Once they are in separate rooms, I ask the parties to tell me their story from their “camera angle.” I then ask that they tell me their counterpart’s story from their counterpart’s “camera angle.” Depersonalizing the dispute in this manner introduces the notion that both parties can be correct in their telling of events, despite different understandings of the circumstances. Further, it enables the parties to begin thinking about resolution outside the framework of winning and losing. Most importantly, it gives back control of the process to the parties involved, helping to reduce the fear and anxiety that unfailingly accompanies litigation.

Overcoming Fear and Anxiety

There have been numerous studies done on people’s decision-making processes when they are able to win something they didn’t have versus when they risk losing something they currently own; the most notable study is “Prospect Theory: An Analysis of Decision under Risk” by Daniel Kahneman and Amos Tversky (Econometrica, March 1979). The idea behind Prospect Theory is that we as human beings dislike losing something we currently have two to three times more than we like winning something we don’t currently have. Thus, in mediation, people tend to make irrational decisions when faced with potential loss.

Parties in litigation are not only faced with the anxieties of conflict but also, by definition, with the very real prospect of loss. When a person is focused on not losing, this mindset triggers a fight-or-flight response. This response is hard-wired physiologically—it bypasses our rational mind, where our more well thought out beliefs exist, and moves us into what might best be described as attack mode.

This state of alert causes parties to perceive most everything the opponents do or say as a possible threat.

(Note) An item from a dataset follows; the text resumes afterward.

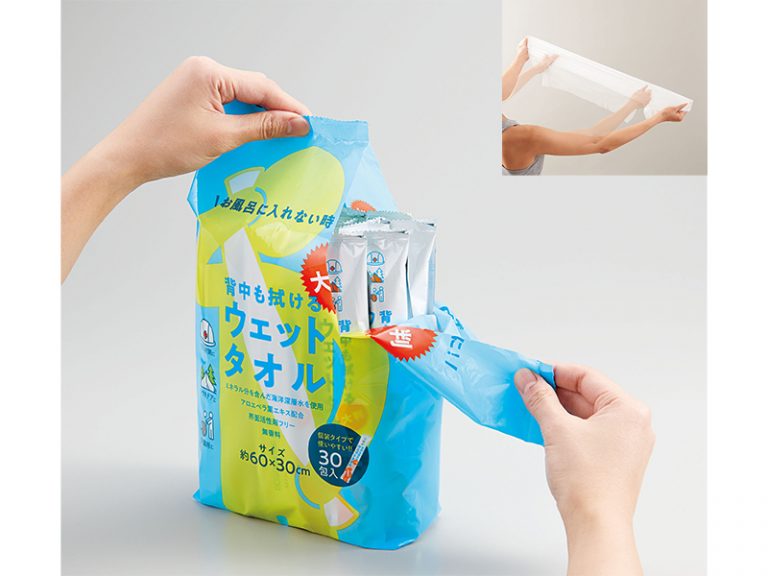 背中も拭ける大判ウェットタオル

Their fear is exaggerated and their thinking distorted. Their focus narrows to see only those things that can harm them: Fear becomes the lens through which they see the world. The true strength of mediation is the ability to alleviate fear and fear-based decision making by introducing the possibility of a mutually agreeable solution—a circumstance in which no one loses.

In civil disputes or litigation, once the fight-or-flight response is activated, there is little hope for reconciliation or satisfaction until these feelings are stepped down. This is perhaps the most fundamental responsibility of the mediator: to demonstrate that mediation provides a much better alternative to such conflict, a long-term solution by way of self-guided reconciliation, far removed from the fear and hostility typified and exacerbated by litigation.

Keys to Successful Mediation

  1. Mediation will be successful only when both sides begin to imagine the other side’s perspective.
  2. Before any progress can be made, all parties need to feel that the mediator heard them, understood the issues at hand, and knew the importance or relevance of the dispute in their personal and/or professional lives.
  3. The structured process is necessary to reach a mutually agreeable resolution; it removes tension and any sense of sidedness from the conversation.
  4. Both sides can be right and still in dispute. Who is correct is a question for litigation or arbitration, not mediation.
  5. A mutually agreed-upon resolution does not equal a loss for either side.

Edith L. Curry

Edith L. Curry, Esq., is president of Palaxar Group, LLC.